Dr Abishek Nag, lead author on the paper says:
When we excite a material, there's an immediate reaction. This first order response is strong; it's easy to probe and easy to understand. But there are other effects, second order effects, that aren't always directly visible. RIXS has been shown to directly probe these higher order processes, and that's what we wanted to explore
Resonant Inelastic X-ray Scattering (RIXS) is a relatively new, but powerful, technique. It's sensitive to lots of excitations, and the results it provides are rich. Momentum dispersion measurements can potentially distinguish between the two excitations. However, they can't easily be carried out in a standard RIXS setup, so researchers need another way to determine whether what they're seeing are bimagnons or double magnons. And that's what Dr Nag and the team have demonstrated in this research.
Although magnetic effects are weak (and second order magnetic effects are even weaker), the I21 beamline is equipped with two collecting mirrors that increase efficiency by an order of magnitude (Fig. 1). This makes it possible to probe subtle effects, and a single decent RIXS spectrum can be collected in just three minutes.
For this research, the team combined RIXS with X-ray absorption spectroscopy (XAS). They changed the incident energy and collected RIXS measurements across the XAS spectrum (Fig. 2 (b)). Although this involves taking a lot of measurements, I21 is fully automated (using very precise motors).
They analysed their data using the Quanty code developed by Maurits W. Haverkort. They compared the spectrum it produced with a single atom model and were able to show that the resonant behaviour of double magnons is very different from that of bimagnons (Fig. 2 (c,d)). They have demonstrated that this technique can be used to understand the origins of second order excitations.

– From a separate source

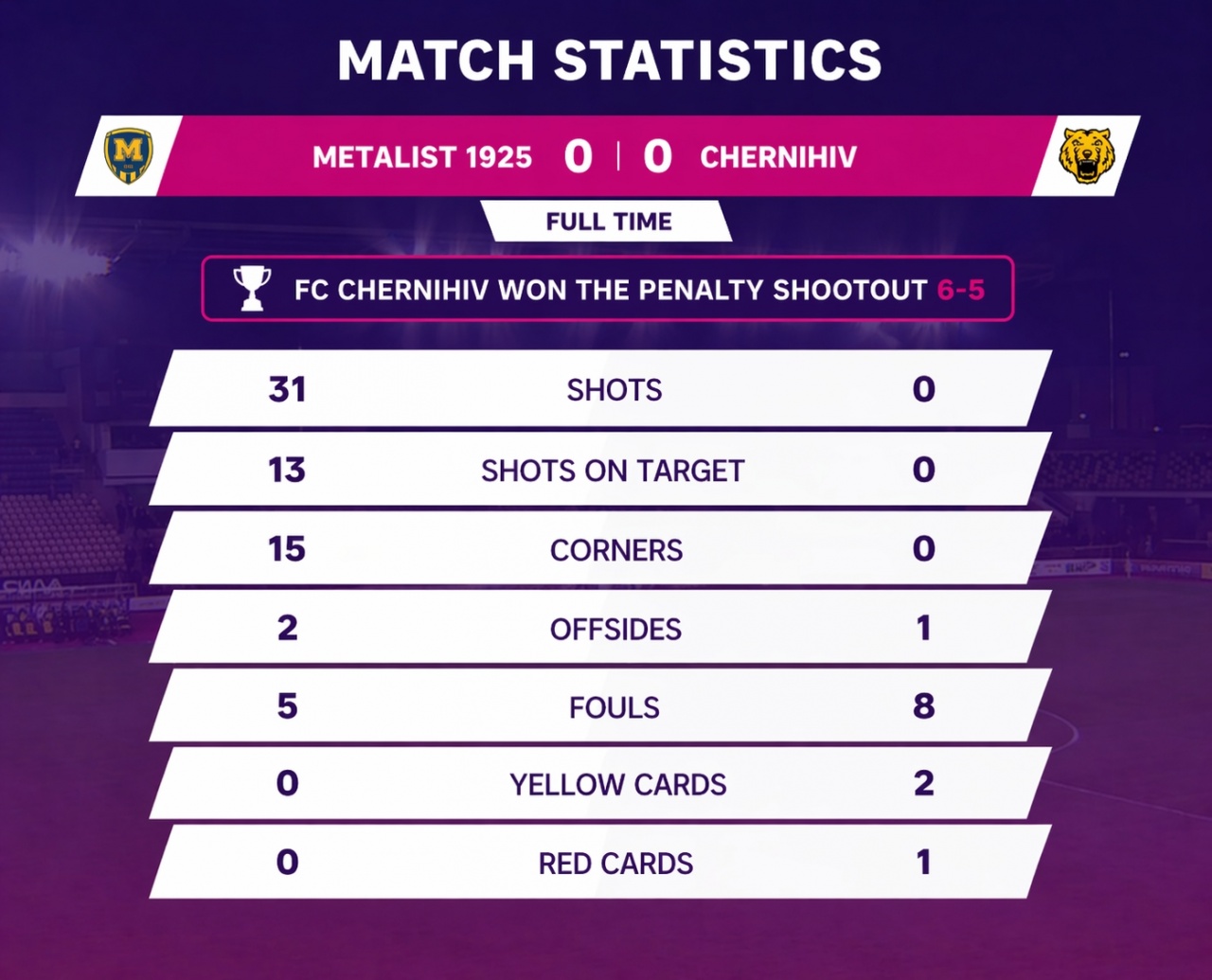 然而,切尔尼夫队的门将马克西姆·塔塔连科表现出色,力保球门不失。最终,比赛进入点球大战,切尔尼戈夫队以5比6的比分爆冷获胜。

Dr Kejin Zhou, the Principal Investigator says:
RIXS offers a new way to facilitate our fundamental understanding of materials, beyond what can be learned with techniques such as INS and Raman scattering. We are planning to apply this technique to more magnetic materials, and to continue to improve the resolution of the I21 beamline for studying finer structures of many exotic excitations.
To find out more about the I21 beamline, or to discuss potential applications, please contact Principal Beamline Scientist Kejin Zhou: [email protected].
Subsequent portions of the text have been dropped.